Records drawn from a dataset:
- Opening Delimiter -

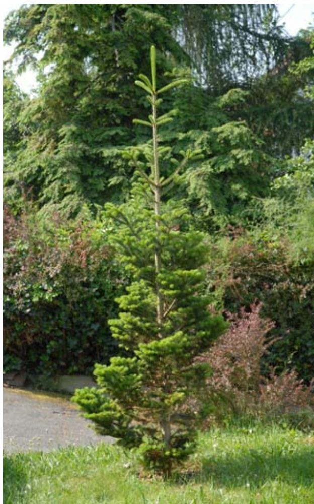
Fig. 1: Silver fir ( Abies alba "Brinar") attacked by C. curvipes in Ljubljana, 26 th May 2007

Slika 1: Navadna jelka ( Abies alba "Brinar", ki jo je napadla vrsta C. curvipes v Ljubljani, 26. maj 2007
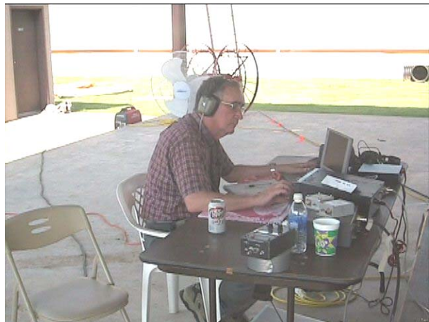
N5XZ, beware of K5IZO

The Brazos Valley Amateur Radio Club extends it's sincere THANK YOU to the Richmond Fire Department for allowing use of it's Fireman's Training Center for Field Day.
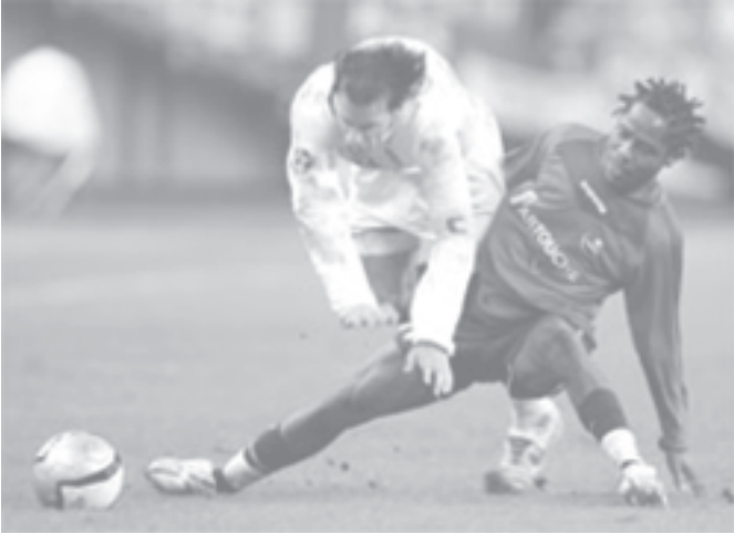
Manchester United's captain Ruud van Nistelrooy, left, takes a tumble as he is stopped by Lille's Jean Makoun during their UEFA Champions League soccer match, group D, on Wednesday, at the Stade de France in Saint-Denis, north of Paris, France. Lille won 1-0.
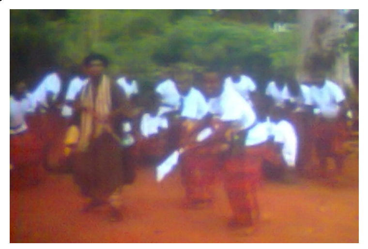
Fig. 4 Two dance trainees taking instruction from the choreographer with the ensemble watching under the gmelina tree

At the initial stage of dance rehearsals, every member participates in learning both the dancing and drumming. As time goes on, those gifted in instrumental performance are chosen. For convenience sake, the dance troupe's meeting and rehearsals are carried out in an isolated make-shift enclosure, made of palm fronds. While learning the dance, as soon as the learning process is accomplished, before the public witness it, the said enclosure is dilapidated for no other obvious reasons than superstitious belief.
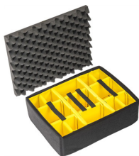
1555 Padded Divider Set
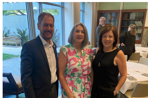
BankOn Miami Planning Meeting and Lunch.
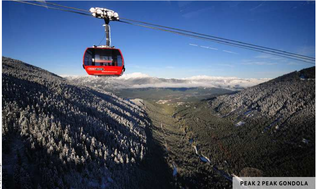
PEAK 2 PEAK GONDOLA

- Closing Delimiter -

Your goal:
Look above for the line with "The Brazos Valley", then give again exactly every line from there through the line with "Fig. 4 Two dance", skipping the pictures.

Answer area:
The Brazos Valley Amateur Radio Club extends it's sincere THANK YOU to the Richmond Fire Department for allowing use of it's Fireman's Training Center for Field Day.
Manchester United's captain Ruud van Nistelrooy, left, takes a tumble as he is stopped by Lille's Jean Makoun during their UEFA Champions League soccer match, group D, on Wednesday, at the Stade de France in Saint-Denis, north of Paris, France. Lille won 1-0.
Fig. 4 Two dance trainees taking instruction from the choreographer with the ensemble watching under the gmelina tree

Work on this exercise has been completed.